Wang Yigao sourit légèrement :

« Oui, c’est un peu excessif. Il ne faut pas utiliser un couteau à bœuf pour tuer un poulet. Frère aîné, n’as-tu pas quatre gardes armés ? Ça revient au même de les laisser s’en occuper… »

« Mon père est le capitaine des forces armées de la Ville du Grand Avenir. Le trône est sur le point d’être transmis, c’est une période délicate. Tu veux que j’utilise les gardes des forces armées pour arrêter quelqu’un dans la capitale nationale ? Tu veux vraiment commettre ce genre d’acte absurde ? Quels résultats espères-tu ? Tes deux mois de confinement n’ont visiblement pas suffi ! » Wang Yiming prononça ces mots et ne prêta plus attention à Wang Yigao. Il partit en tournant les talons.

Wang Yigao fut laissé derrière, à ruminer sa rancœur. Il ne s’était pas imaginé un seul instant que son propre frère puisse le réprimander aussi fortement. Il serra la mâchoire et les poings jusqu’à en trembler.

« Putain ! Je n’ai jamais subi une telle injustice dans la Ville du Grand Avenir. Lin Ming, si je ne t’estropie pas, alors je ne m’appelle pas Wang ! »

Lever de soleil après coucher de soleil, cinquante jours passèrent calmement…

Un jeune garçon était en train d’envoyer des coups de poing dans le vide au milieu d’une clairière dans les Montagnes Zhou. Le vent sifflait entre les sommets et les vallées mais les bruits qu’engendraient les coups de poings du garçon occultaient les montagnes.

« Bang ! »

Un bruit sourd résonna dans l’air au moment où le jeune frappa un pilier en bois qui lui faisait face. Le pilier avait beau avoir été renforcé avec des onguents spéciaux pour le rendre plus durable, il se cassa en deux sous le choc de cette frappe.

Alors que son premier coup arrivait au bout de sa course, il asséna un coup de pied vers le bas, sans même laisser le temps à la poussière de retomber, et le pilier en bois fut divisé en deux.

Bien que je n’aie toujours pas été capable de trouver ce qu’était « Fluidité de la Soie », j’ai quand même atteint quelques petits succès avec la première étape de la Formule de l’Authentique Chaos primordial et ma deuxième étape de l’Entraînement Physique s’est vraiment bien renforcée ; ma force devrait-être d’au moins 2 600 jins.

Ce jeune était Lin Ming.
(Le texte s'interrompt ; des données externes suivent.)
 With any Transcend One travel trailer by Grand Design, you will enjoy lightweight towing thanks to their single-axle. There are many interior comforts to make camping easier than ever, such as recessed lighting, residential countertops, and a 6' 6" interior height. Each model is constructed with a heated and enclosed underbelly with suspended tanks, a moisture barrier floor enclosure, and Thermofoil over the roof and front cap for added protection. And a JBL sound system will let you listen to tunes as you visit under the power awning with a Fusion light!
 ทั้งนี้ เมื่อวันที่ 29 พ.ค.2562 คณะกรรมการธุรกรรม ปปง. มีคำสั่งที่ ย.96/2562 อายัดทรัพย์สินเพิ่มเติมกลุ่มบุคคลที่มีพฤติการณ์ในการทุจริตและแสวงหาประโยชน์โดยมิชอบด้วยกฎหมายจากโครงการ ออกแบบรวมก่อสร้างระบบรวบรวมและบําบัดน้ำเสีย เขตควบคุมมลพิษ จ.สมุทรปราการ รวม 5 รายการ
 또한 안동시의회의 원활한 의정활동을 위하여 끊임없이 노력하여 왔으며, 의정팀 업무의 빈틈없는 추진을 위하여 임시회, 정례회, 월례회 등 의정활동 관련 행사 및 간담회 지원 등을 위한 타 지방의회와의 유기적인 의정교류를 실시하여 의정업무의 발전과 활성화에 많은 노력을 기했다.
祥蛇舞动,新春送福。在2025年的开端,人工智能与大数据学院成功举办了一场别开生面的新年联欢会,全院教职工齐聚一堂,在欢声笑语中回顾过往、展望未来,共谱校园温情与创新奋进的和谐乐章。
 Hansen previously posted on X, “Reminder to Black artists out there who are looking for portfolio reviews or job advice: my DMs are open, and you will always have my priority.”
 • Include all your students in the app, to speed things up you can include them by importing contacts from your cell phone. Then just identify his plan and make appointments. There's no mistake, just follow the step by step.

Il s’était entraîné sans discontinuer dans les montagnes au cours de ces cinquante derniers jours. Il avait une quantité illimitée de remèdes précieux et avait utilisé vingt Pilules de Rassemblement de l’âme. Il avait dû vendre un nouveau symbole d’inscription afin de faire face à ces dépenses massives.

Il n’était toutefois pas parvenu à atteindre la troisième étape de l’Entraînement Physique, l’Entraînement des Entrailles, et ce malgré tous ces précieux traitements. Les Vertus Chaotiques des Méridiens de Combat se focalisait sur le fait d’établir une fondation solide ; ça n’était pas quelque chose qui faisait progresser rapidement.
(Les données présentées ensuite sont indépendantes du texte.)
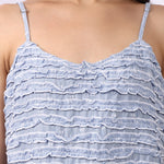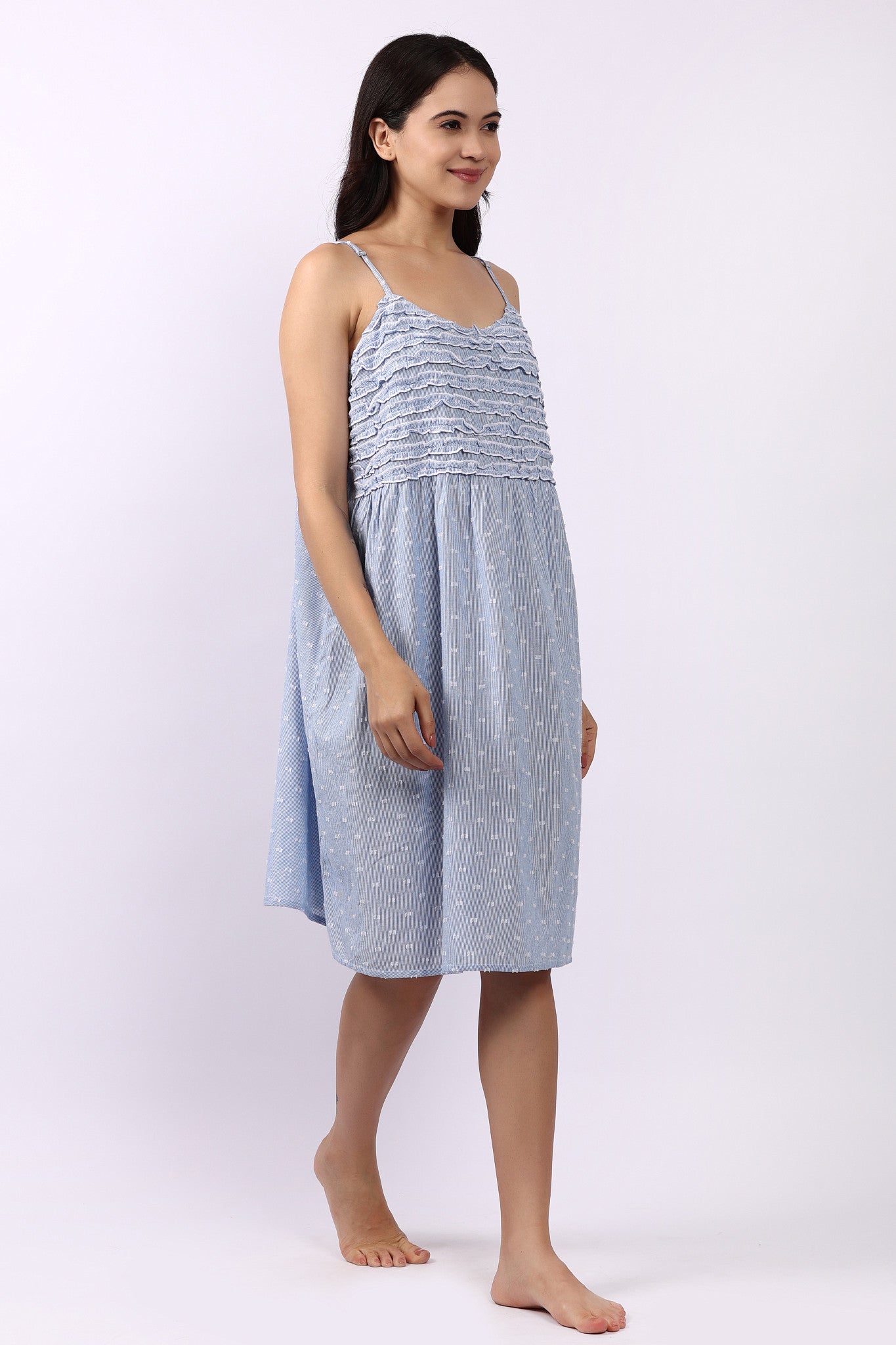The gently gathered bodice is adorned with rows of delicate frills, adding a feminine flourish while remaining easy to wear. Adjustable straps ensure the perfect fit, while the flowing silhouette drapes comfortably for cool comfort throughout the night.

Ça fait cinquante jours. L’examen d’entrée de la Maison Martiale des Sept Véritables aura lieu demain. Je ne devrais pas avoir de problème pour réussir.

Lin Ming se dit cela en ramassant ses habits qui étaient posés sur un large rocher, il prit également le temps de se laver rapidement dans la rivière.

Les muscles de Lin Ming apparaissaient symétriques et solides sous la lumière du soleil brillant. La lumière faisait luire sa peau avec éclat, c’était plein d’une force esthétique. Il ressemblait à un guépard souple au sommet de sa puissance. Il était difficile de s’imaginer, en le voyant de dos, que c’était le physique et l’esprit d’un jeune garçon d’une quinzaine d’années.

Lin Ming se rhabilla après avoir achevé de se laver, puis il quitta la montagne. Il s’élança rapidement tel un faucon traquant un lapin, sa vitesse semblable à un éclair de lumière, et il disparut dans la forêt sans fin en quelques respirations.